Lawyers for a group of Venezuelan migrants being held in a north Texas detention center requested an emergency order to prevent them from being rushed out of the country; the justices responded by halting deportations in the early morning of April 19.
After more time to review the situation, the court extended the freeze on May 16 and ordered a lower court hearing to determine whether Trump was lawfully invoking the Alien Enemies Act, which has been used only three times since the country’s inception, and only during wartime.
“Evidence now in the record (though not all before us on April 18) suggests that the government took steps on the afternoon of April 18 toward removing detainees under the AEA, including transporting them from their detention facility to an airport and later returning them to the facility,” the justices wrote in an unsigned opinion joined by conservatives and liberals.
Referring to the court majority’s April 19 middle-of-the-night order preventing those deportations, the justices added, “Had the detainees been removed from the United States to the custody of a foreign sovereign on April 19, the Government may have argued, as it has previously argued, that no U.S. court had jurisdiction to order relief.”
To emphasize this point, the majority cited the Abrego Garcia case as evidence that the administration may claim it cannot return wrongfully deported detainees. (On May 16, Justices Samuel Alito and Clarence Thomas dissented from the order suspending use of the Alien Enemies Act.)
Nationwide injunctions at issue in birthright citizenship case
Perhaps the most important court test in the early months of Trump’s second presidency will be the resolution of the dispute over injunctions preventing Trump from terminating birthright citizenship for babies born in the United States to undocumented immigrants or those with temporary status.
The right dates back to the 14th Amendment’s ratification in 1868 and has been reinforced by Supreme Court precedent since 1898.
The legal issue in the case heard on May 15 is not the overall constitutionality of Trump’s move to repeal the birthright guarantee, but rather the method used by lower court judges to temporarily block Trump’s order signed on his first day back in office.
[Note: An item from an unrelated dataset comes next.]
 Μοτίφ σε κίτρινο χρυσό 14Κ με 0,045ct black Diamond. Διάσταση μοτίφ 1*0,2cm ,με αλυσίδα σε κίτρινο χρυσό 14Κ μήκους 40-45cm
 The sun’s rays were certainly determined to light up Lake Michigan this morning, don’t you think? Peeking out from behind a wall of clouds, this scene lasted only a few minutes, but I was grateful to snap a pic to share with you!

US district court judges have issued “nationwide injunctions,” in which a single judge prevents the enforcement of a challenged policy not only in the judge’s district but across the country. Trump wants the injunctions to apply only to individual parties to a lawsuit in a specific district.
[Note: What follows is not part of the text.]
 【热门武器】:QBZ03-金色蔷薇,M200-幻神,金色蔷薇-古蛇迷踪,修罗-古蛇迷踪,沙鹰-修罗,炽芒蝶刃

Some justices have previously suggested that lower court judges acted beyond their authority by issuing such broad injunctions. However, Trump’s decision to end more than 150 years of automatic birthright citizenship may cause some of them to reconsider their position.
“Let’s just assume you’re dead wrong,” Kagan told Sauer about the legality of Trump’s executive order. “Does every single person affected by this EO need to bring their own suit? Are there alternatives? How long does it take? How do we get to the point where there is a single rule of citizenship that we have historically applied rather than the rule that the EO would have us follow?”
Conservative Justice Neil Gorsuch also questioned whether “patchwork problems,” such as babies born in the United States to undocumented migrants with different citizenship rights depending on the state, could “justify broader relief.”
The remarks reflected a larger dilemma for a court that has pushed its own boundaries. Some of Trump’s positions benefit the justices, while others are so extreme that they rattle the justices’ own assumptions.